Configuring with FRR-K8s
When deploying MetalLB with the, the FRR-K8s api can be used in combination with MetalLB’s one.
In this mode, MetalLB will generate FRRConfiguration instance for each node where a speaker is running on.
The configuration generated by MetalLB can be merged with other FRRConfiguration
s created by the
user (or by other controllers), provided that the configuration compatibility guidelines are honored.
For example, we can enable a MetalLB BGPPeer
to receive incoming prefixes:
apiVersion: metallb.io/v1beta2
kind: BGPPeer
metadata:
name: peer
namespace: metallb-system
spec:
myASN: 64512
peerASN: 64512
peerAddress: 172.30.0.3
---
apiVersion: frrk8s.metallb.io/v1beta1
kind: FRRConfiguration
metadata:
name: with-recv
namespace: metallb-system
spec:
bgp:
routers:
- asn: 64512
neighbors:
- address: 172.30.0.3
asn: 64512
toReceive:
allowed:
mode: all
Graceful Restart
BGP Graceful Restart (GR) functionality (RFC-4724) defines the mechanism that allows the BGP routers to continue to forward data packets along known routes while the routing protocol information is being restored. GR can be applied when the control plane is independent from the forwarding plane, which is the case for the most Kubernetes clusters.
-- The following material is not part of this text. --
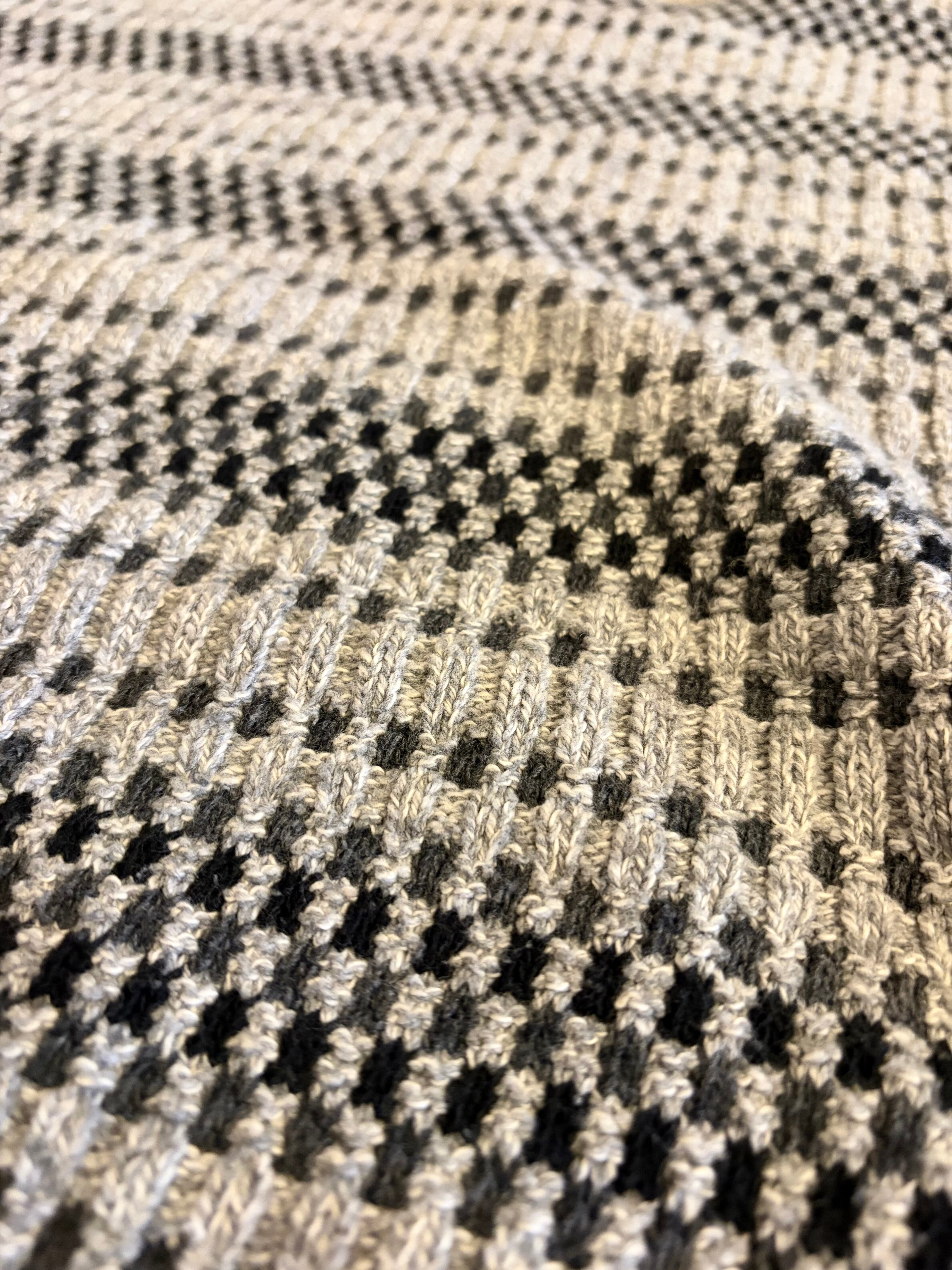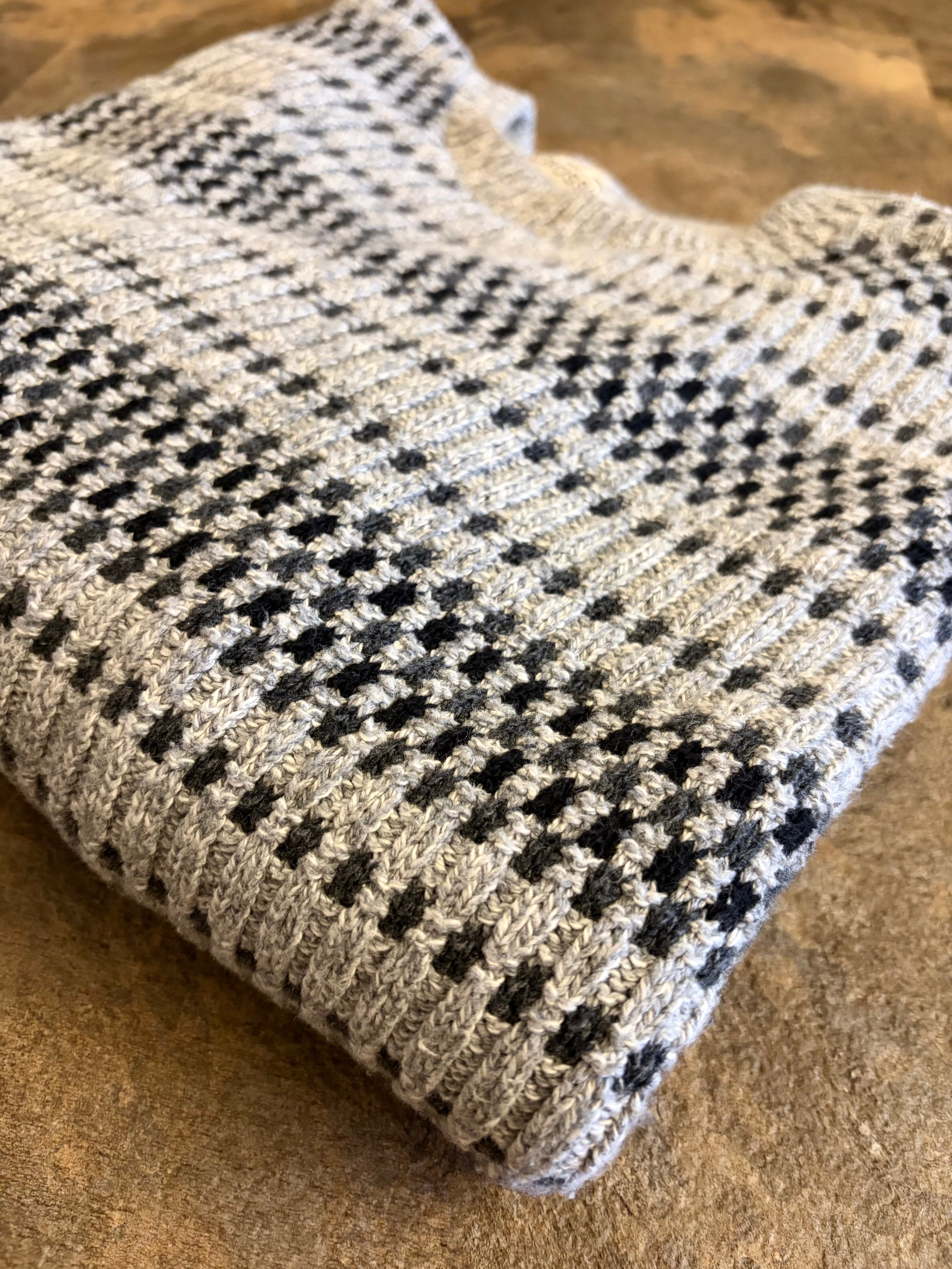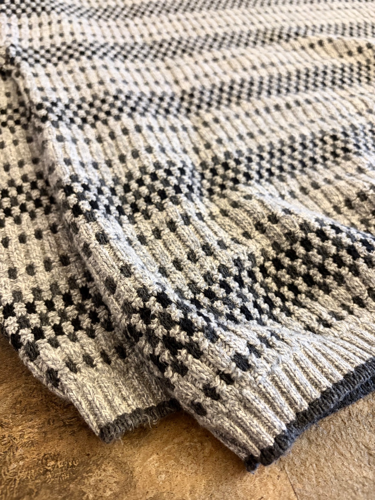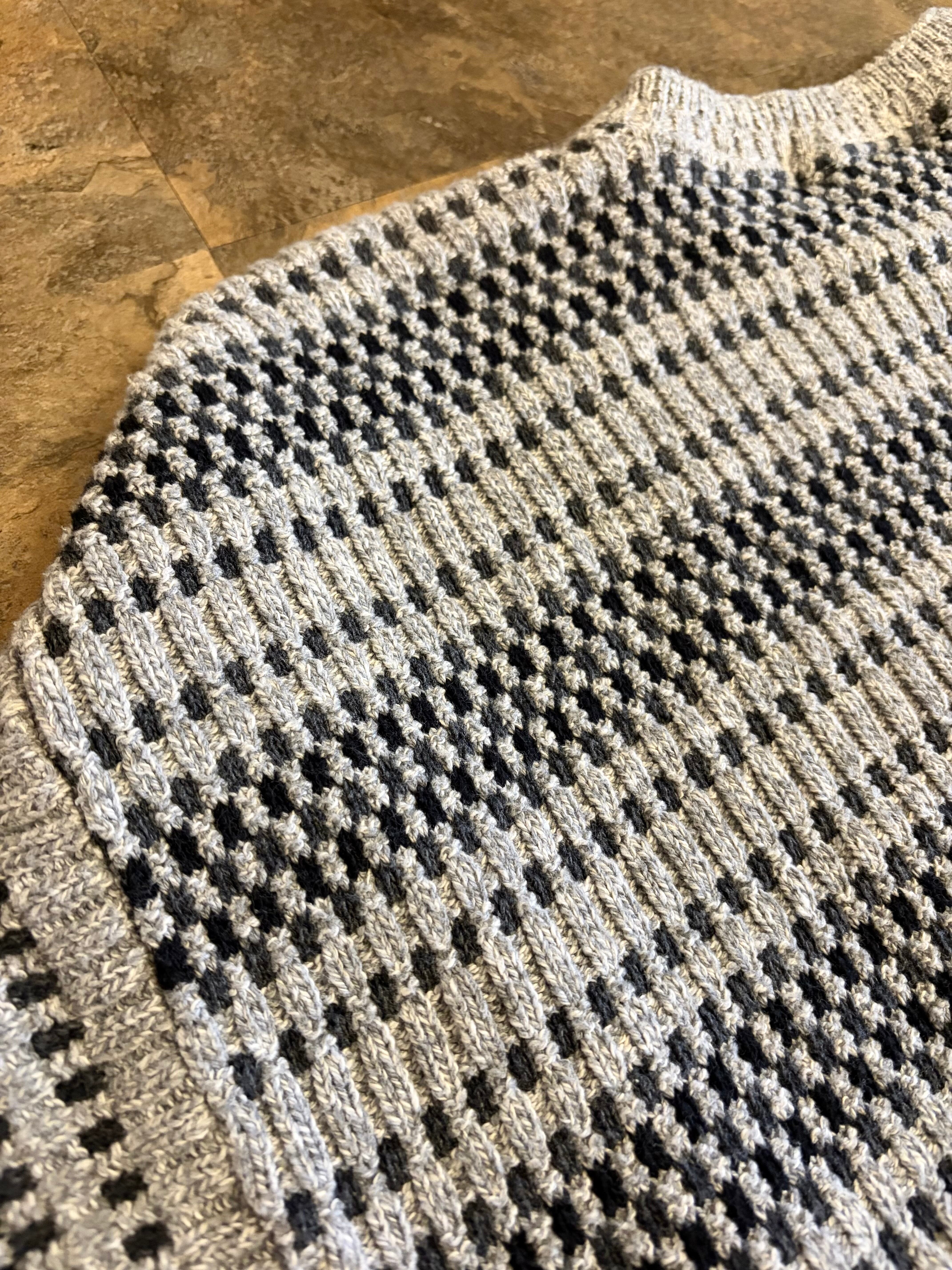 グレーベースで立体編みが上品な一着。

This feature was added to minimize network disruptions during upgrades.
GR can be applied per BGP neighbor by setting the field enableGracefulRestart
to true, note that this field is immutable. For example
apiVersion: metallb.io/v1beta2
kind: BGPPeer
metadata:
name: example
namespace: metallb-system
spec:
myASN: 64512
peerASN: 64512
peerAddress: 172.30.0.3
enableGracefulRestart: true
GR With BFD
According to the RFC-5881/BFD Shares Fate with the Control Plane, BFD and Graceful Restart can work together, but is implementation specific. It is up to vendor’s recommendation and needs to be tested.